Blue Bonnet in Boston; or, Boarding-School Days at Miss North's
Chapter 6
NEW FRIENDS
Blue Bonnet found Carita up in her room, the centre of an admiring group. Refreshments, here, as in the corridor below, seemed to be in order.
Mary rose from a shoe-box which she was occupying, and offered it to Blue Bonnet. Several other girls rose also and offered their chairs.
Blue Bonnet took the shoe-box and acknowledged the introductions. The girls were all about Carita's own age--between fifteen and sixteen.
Carita reached over and touched the girl nearest her.
"Here's a girl as far away from home as we are, Blue Bonnet. She's from California--Los Angeles."
Blue Bonnet turned her attention for a moment to the girl--Isabel Brooks.
Isabel's eyes were red and swollen. She dropped her head as Blue Bonnet looked at her, and her breast heaved.
"Now, now!" Mary Boyd said, springing up from the bed on which she had perched. "Don't you cry any more. You'll be sick if you do, and they'll put you in the Infirmary. Here, eat some more candy."
Isabel refused the candy and continued her sobbing. One or two others around the room, moved by Isabel's weeping, commenced to cry also.
Mary seemed helpless.
"Oh, dear," she said, and her own lip began to quiver, "they always do it--these new girls! They get us every last one started."

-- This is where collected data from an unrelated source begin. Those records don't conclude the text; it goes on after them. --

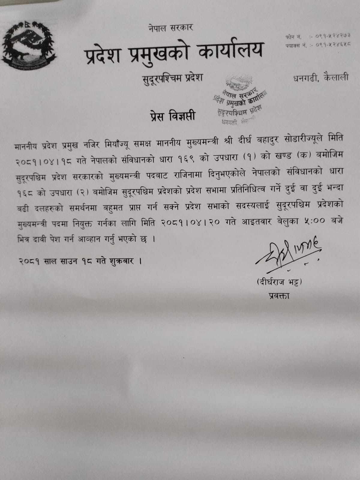प्रदेश प्रमुख कार्यालयका प्रवक्ता दीर्घराज भट्टले प्रदेश प्रमुखले संविधानको धारा १६८ को (२) उपधारा बमोजिम दुई वा दुईभन्दा बढी दलको समर्थनमा नयाँ सरकार गठनका लागि आह्वान गरेको विज्ञप्तिमार्फत जनाएका छन् ।
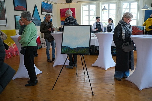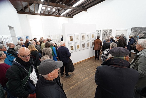 Im vergangenen Jahr starb der Maler Wolfgang Fröhlich. Jetzt werden die Bilder aus seinem Privatbesitz seinem Wunsch folgend für „einen guten Zweck“ verkauft. Bei der Vernissage zur Ausstellung, die noch bis Anfang März gezeigt wird, wurden am 21. Januar bereits fleißig rote Punkte geklebt. Ein gelungener Auftakt.
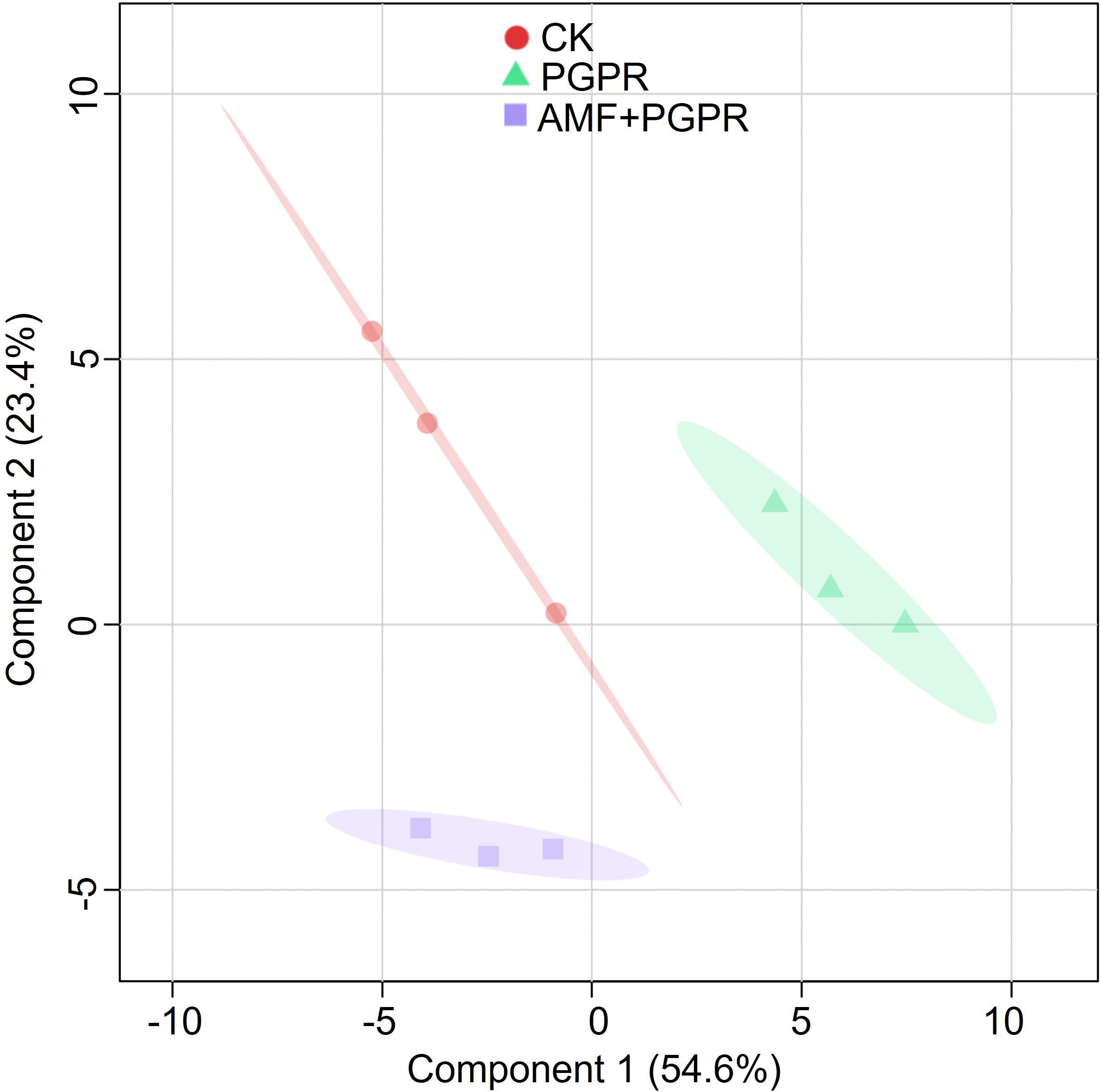 Scatter plot displaying three groups: red circles for CK, green triangles for PGPR, and purple squares for AMF+PGPR. The x-axis is labeled Component 1 (54.6%) and the y-axis Component 2 (23.4%). Each group shows an ellipse indicating distribution.

Blue Bonnet looked at Carita. Tears were in her eyes, and, even as Blue Bonnet looked, her head went down in her hands and she, too, began to sob.
Blue Bonnet rose to the occasion instantly. It was like a call to arms--the sight of those lonely children.
She looked at her watch.
"We have twenty minutes yet, to visit. Let's play a game. I know a fine one. Come on, everybody."
There was not the slightest response.
Mary Boyd took hold of Isabel and dragged her to her feet. Then she roused the others.
"Come on," she said. "You've got to play, whether you want to or not. How do you do it--Miss--"
"Call me Blue Bonnet."
The girls stood up listlessly--a sorry looking group.
"You can sit down," Blue Bonnet announced. "You don't have to stand--just keep your eyes on me. You are each of you a musical instrument."
She went round and whispered something in the ear of each girl.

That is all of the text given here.